• Recorded information:
Start of Block

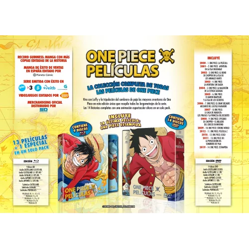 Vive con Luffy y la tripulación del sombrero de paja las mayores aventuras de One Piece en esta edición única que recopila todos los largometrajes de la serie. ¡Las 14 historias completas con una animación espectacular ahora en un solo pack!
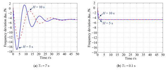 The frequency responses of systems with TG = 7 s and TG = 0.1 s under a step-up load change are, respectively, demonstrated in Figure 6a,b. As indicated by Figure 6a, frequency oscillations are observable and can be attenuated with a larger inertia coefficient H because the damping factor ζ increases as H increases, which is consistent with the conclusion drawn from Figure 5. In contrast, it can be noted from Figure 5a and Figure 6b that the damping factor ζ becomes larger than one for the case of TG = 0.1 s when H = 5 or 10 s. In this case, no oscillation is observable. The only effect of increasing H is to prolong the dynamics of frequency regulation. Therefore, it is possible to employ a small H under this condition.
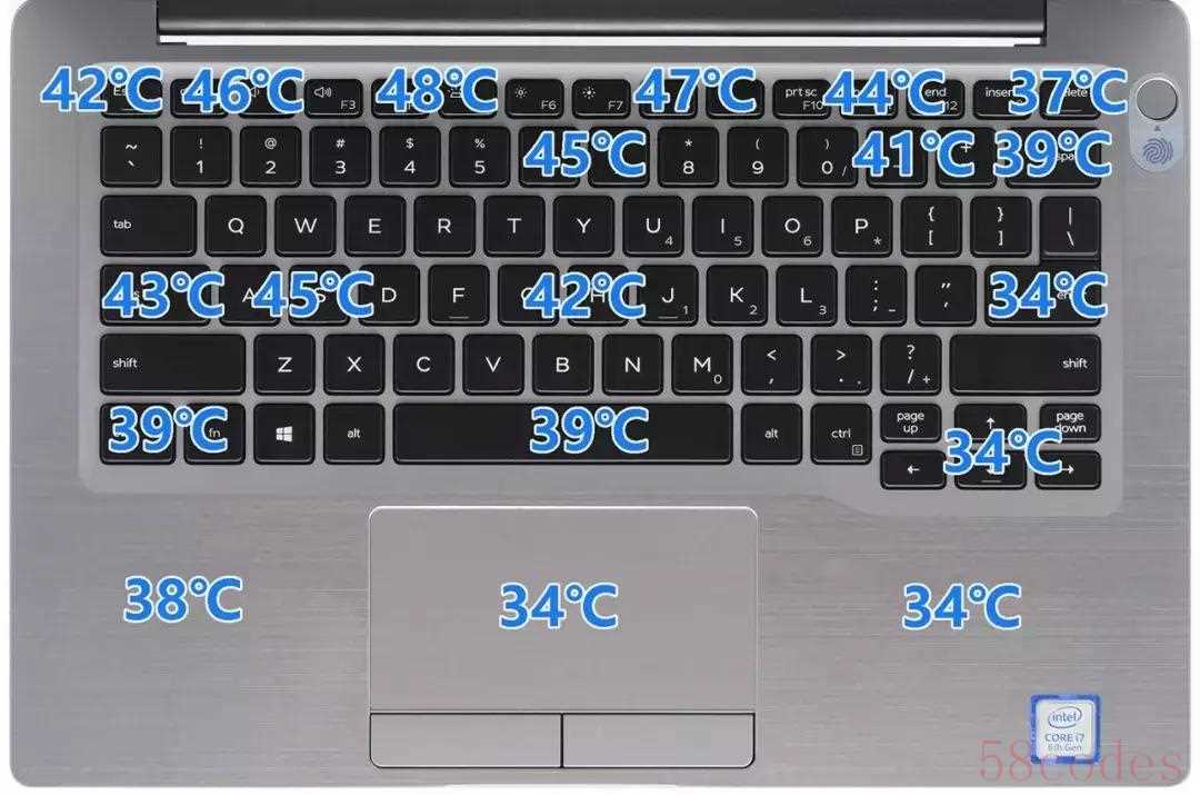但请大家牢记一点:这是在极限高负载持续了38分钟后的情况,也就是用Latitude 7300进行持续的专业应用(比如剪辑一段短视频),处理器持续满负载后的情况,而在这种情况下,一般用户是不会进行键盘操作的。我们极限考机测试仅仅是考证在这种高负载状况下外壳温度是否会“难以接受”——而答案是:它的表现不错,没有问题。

End of Block
Start of Block

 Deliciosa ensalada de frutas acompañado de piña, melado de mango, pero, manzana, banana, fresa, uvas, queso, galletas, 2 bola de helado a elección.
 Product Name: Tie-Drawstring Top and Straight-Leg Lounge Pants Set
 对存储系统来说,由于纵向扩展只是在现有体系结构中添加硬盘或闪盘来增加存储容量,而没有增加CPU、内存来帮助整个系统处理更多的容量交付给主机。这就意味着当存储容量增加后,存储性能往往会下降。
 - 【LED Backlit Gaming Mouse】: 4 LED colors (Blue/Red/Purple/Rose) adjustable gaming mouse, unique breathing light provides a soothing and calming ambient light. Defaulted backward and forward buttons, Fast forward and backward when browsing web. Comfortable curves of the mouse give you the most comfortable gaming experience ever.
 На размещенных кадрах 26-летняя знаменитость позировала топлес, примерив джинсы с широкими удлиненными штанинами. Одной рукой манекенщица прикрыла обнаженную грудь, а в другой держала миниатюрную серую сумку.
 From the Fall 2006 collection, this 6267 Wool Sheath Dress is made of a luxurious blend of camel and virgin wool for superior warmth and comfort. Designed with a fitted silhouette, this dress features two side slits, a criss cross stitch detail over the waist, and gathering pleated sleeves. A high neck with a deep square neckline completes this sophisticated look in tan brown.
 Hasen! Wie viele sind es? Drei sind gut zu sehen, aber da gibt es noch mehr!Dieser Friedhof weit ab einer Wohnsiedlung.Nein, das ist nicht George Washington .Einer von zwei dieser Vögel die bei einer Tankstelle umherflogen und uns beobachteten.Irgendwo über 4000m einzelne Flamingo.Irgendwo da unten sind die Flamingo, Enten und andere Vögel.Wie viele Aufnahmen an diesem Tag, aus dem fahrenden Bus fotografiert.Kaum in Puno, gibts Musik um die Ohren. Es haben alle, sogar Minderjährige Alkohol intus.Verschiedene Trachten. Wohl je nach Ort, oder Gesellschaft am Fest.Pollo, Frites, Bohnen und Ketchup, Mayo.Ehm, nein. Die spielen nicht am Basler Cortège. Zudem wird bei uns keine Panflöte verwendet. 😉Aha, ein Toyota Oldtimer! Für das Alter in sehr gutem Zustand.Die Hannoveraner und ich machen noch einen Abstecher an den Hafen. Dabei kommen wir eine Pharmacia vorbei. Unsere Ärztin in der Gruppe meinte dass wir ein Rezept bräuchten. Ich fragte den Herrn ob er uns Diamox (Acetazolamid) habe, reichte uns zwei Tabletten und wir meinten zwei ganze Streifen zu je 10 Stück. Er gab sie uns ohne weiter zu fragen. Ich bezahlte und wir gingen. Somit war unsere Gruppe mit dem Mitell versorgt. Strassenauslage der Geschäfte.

End of Block

• Task prompt: When copying from the data above, print only the lines from the line containing "Vive con Luffy" to the line containing "但请大家牢记一点:这是在极限", exactly, and leave the pictures out.

• Reply:
 Vive con Luffy y la tripulación del sombrero de paja las mayores aventuras de One Piece en esta edición única que recopila todos los largometrajes de la serie. ¡Las 14 historias completas con una animación espectacular ahora en un solo pack!
 The frequency responses of systems with TG = 7 s and TG = 0.1 s under a step-up load change are, respectively, demonstrated in Figure 6a,b. As indicated by Figure 6a, frequency oscillations are observable and can be attenuated with a larger inertia coefficient H because the damping factor ζ increases as H increases, which is consistent with the conclusion drawn from Figure 5. In contrast, it can be noted from Figure 5a and Figure 6b that the damping factor ζ becomes larger than one for the case of TG = 0.1 s when H = 5 or 10 s. In this case, no oscillation is observable. The only effect of increasing H is to prolong the dynamics of frequency regulation. Therefore, it is possible to employ a small H under this condition.
但请大家牢记一点:这是在极限高负载持续了38分钟后的情况,也就是用Latitude 7300进行持续的专业应用(比如剪辑一段短视频),处理器持续满负载后的情况,而在这种情况下,一般用户是不会进行键盘操作的。我们极限考机测试仅仅是考证在这种高负载状况下外壳温度是否会“难以接受”——而答案是:它的表现不错,没有问题。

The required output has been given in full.